Weighing Value and Patient Preference in Cancer Care: NCCN Evidence Blocks

Surabhi Dangi-Garimella, PhD

The “value” of value frameworks is in the perception of the stakeholder…that’s the truth. Each framework has unique features that cater to a specific stakeholder, but would ultimately have an impact on the healthcare system. One such value framework was proposed by the National Comprehensive Cancer Network (NCCN) last year. While the Evidence Blocks were initially developed for 2 cancer types (multiple myeloma and chronic myelogenous leukemia), the framework has rapidly expanded to include 8 more (breast cancer, colon cancer, kidney cancer, melanoma, non-Hodgkin’s lymphoma, non-small cell lung cancer, prostate cancer, and rectal cancer). At NCCN’s 21st Annual Conference, Robert Carlson, MD, chief executive officer, NCCN, provided a flavor for Evidence Blocks.

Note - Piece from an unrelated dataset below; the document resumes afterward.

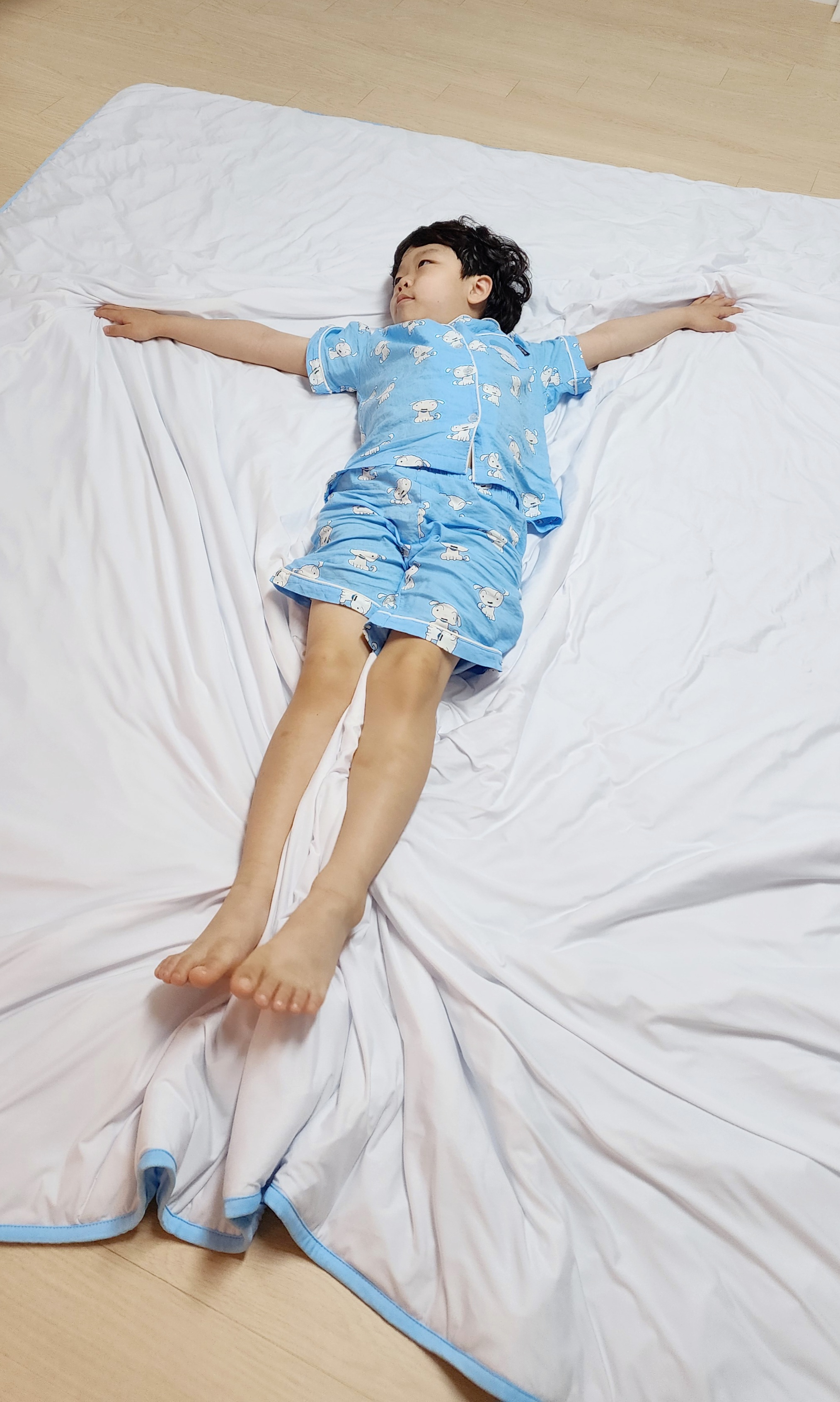 평소 이불 안덮고 자는 저희 아이가 시원한 느낌에 반해서 이불을 덮고 자게 된 것에 애미 마음이 흡족합니다.

Carlson emphasized the fact that there is no “one size fits all” approach to cancer care: while a younger patient might want the most effective treatment despite the side effects, an older patient might be more concerned with the impact of treatment on quality of life. Some patients might be more concerned with affordability. NCCN’s Evidence Blocks have been devised to ease these discussions between physicians and patients, Carslon said. These are a graphic representation of 5 value measures, including efficacy, safety, quality and quantity of evidence, consistency of evidence, and affordability.

“NCCN members have some operational assumptions. Panelists are specifically told not to consider cost when generating guidelines,” said Carlson. “Cost is not considered when an agent or a regimen is chosen based on a Guideline, but cost information should be available in decision making.”

To generate Evidence Blocks, the NCCN staff identify systemic therapy recommendation on the Guideline. They then develop a survey instrument, including the 5 measures for each systemic recommendation. Each panelist then completes the survey across all 5 measures, responses are collated and an average score for each measure and each regimen is generated, and then a graph is plotted.

“We currently have Evidence Blocks for 10 tumor types,” said Carlson, “and by 2017, all systemic therapy Guidelines will have Evidence Blocks available for them. We also expect to develop Evidence Blocks for radiation and surgical oncology and diagnostics, in the future.”

Carlson then compared some of the other value frameworks that are available with Evidence Blocks. The one developed by the American Society of Clinical Oncology (ASCO) generates a single score for each regimen, he said, irrespective of the patient’s value requirement. “ASCO’s framework does not consider some of the unique characteristics of the patient, such as their age, comorbidities, etc. Also, it favors overall survival benefit over other outcomes.” Carlson feels that the ASCO framework creates a significant bias against provider use of new and innovative agents.

The DrugAbacus, developed by the Center for Health Policy and Outcomes, Memorial Sloan Kettering Cancer Center, considers efficacy, safety or toxicity, extent of innovation, R&D costs, rarity of disease, and health burden in the population, and its existing cost. All these factors are used to deduce the right price for an existing drug. “This may be of value to payers, and maybe to the drug industry,” said Carlson. He was unsure of the value of DrugAbacus to the patient.

The last framework he spoke about is the one developed by the Institute of Comparative Effectiveness Research or ICER, which Carlson said is similar to the NICE system in England. “ICER’s framework was developed by payers and the pharmaceutical industry in tandem. Additionally, ASCO and patient advocates were also a part of the development process,” he said. While ICER’s framework came up with a value-based price benchmark, which can be useful for payers, Carlson thinks that the more common diseases stand a low probability of being supported by ICER.

He ended with “NCCN’s Evidence Blocks provide information that can help patients and providers make their value decision together.”